Ill. A.G. Warns Residents to Guard Against Home Repair Fraud Following Storms

April 27, 2004

With the first spring storms and tornadoes of the season having shown their dangerous and destructive strength recently, Illinois Attorney General Lisa Madigan has warned homeowners and businesses to protect themselves from repair scam artists eager to make money after a natural disaster.

Madigan also offered her condolences to the families of the victims of the recent tornadoes in northern Illinois.

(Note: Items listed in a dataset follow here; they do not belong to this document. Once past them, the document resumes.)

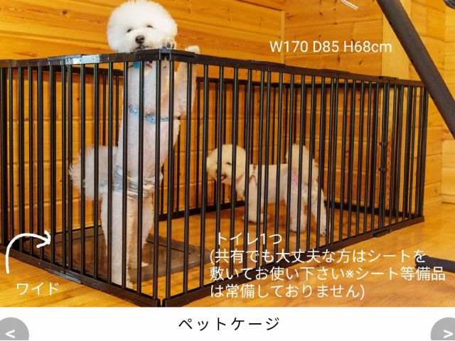 ■建物内では原則ケージの中のみ。必ずご持参頂いたシートを敷いてご利用下さい。ケージ以外の備品等は一切ございません。ケージが追加で必要な場合もご用意下さいませ
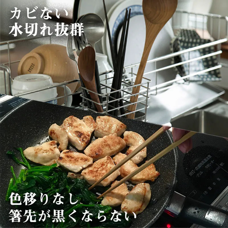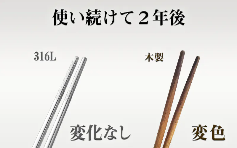 菜箸を使う時に気になっていた箸先の汚れ。実はこれ、前のお料理の色やニオイが取り切れていなかったことをご存知でしたか?変色や汚れはお料理美味しさを損なう原因にもなります。安心して使える316Lステンレスなら衛生的で、料理の種類を選びません。汚れのストレスから開放してくれますよ。
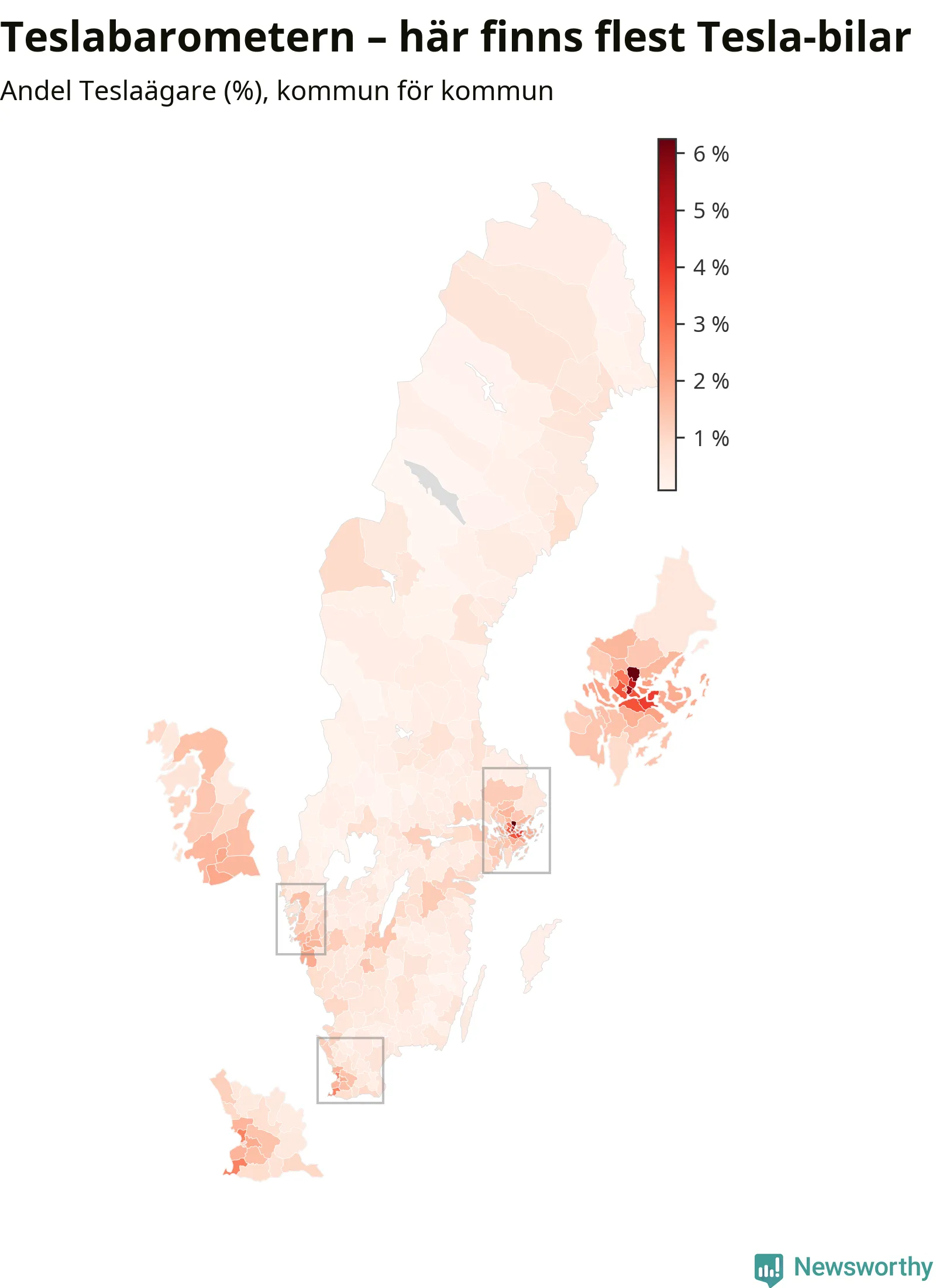 I Sunne kommun finns 40 teslor – vilket är tio fler än förra året. Det motsvarar tre promille av alla bilar i kommunen.

“First and foremost, our prayers go out to the families of the victims of this week’s storm, which tragically ended the lives of eight Illinoisans and left at least four counties in disastrous condition,” Madigan said. “As residents in those areas begin to regroup and deal with the losses, I urge consumers and businesses to be on the lookout for con artists who try to turn someone else’s disaster into their dollars by cheating people on repairs and reconstruction.”

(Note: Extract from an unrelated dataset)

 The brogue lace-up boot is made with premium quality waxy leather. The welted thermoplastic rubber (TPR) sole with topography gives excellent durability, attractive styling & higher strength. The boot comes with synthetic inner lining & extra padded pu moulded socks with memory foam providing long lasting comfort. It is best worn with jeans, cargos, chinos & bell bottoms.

Madigan urged consumers and business owners to do their homework before contracting to have damaged or destroyed property rebuilt and not to rush in to contractual agreements or make large down payments. Madigan said consumers should quickly alert both her office and local law enforcement if suspicious “storm chasers” begin soliciting business in the area.

Warning of the possibility of dramatic increases in the price of materials and supplies needed to rebuild, Madigan urged consumers to be on the watch for and alert her office to instances of price gouging.

Madigan’s Consumer Fraud Bureau offered the following tips to help protect individuals and companies from being duped by dishonest contractors:

* Be wary of door-to-door solicitors; many home repair con artists are transients who move quickly into a troubled area; ask for recommendations from people you know and trust; whenever possible, use established local contractors.

* Ask to see any required state or local permits or licenses. Remember that public insurance adjusters must be licensed by the Department of Insurance and roofers must be licensed by the Department of Professional Regulation.

* Shop around for the best deal; get written estimates from several contractors; don’t allow a salesperson to rush you into a deal.

* Get all terms of a contract in writing; obtain a copy of the signed contract and never make full payment until all work has been completed to your satisfaction.

* Be aware that you have the right to cancel within three business days if you sign a contract based on a salesman who comes to the home.

* Do not pay in cash.

Madigan reminded consumers that the Home Repair and Remodeling Act, signed into law in 2000, requires contractors to furnish customers with written contracts for any repair or remodeling work costing more than $1,000. A contract must be signed by both the customer and the contractor.

The law also requires contractors to carry at least minimum amounts of insurance for property damage, bodily injury and improper home repair. Contractors also must provide consumers with an informational pamphlet entitled “Home Repair: Know Your Consumer Rights.”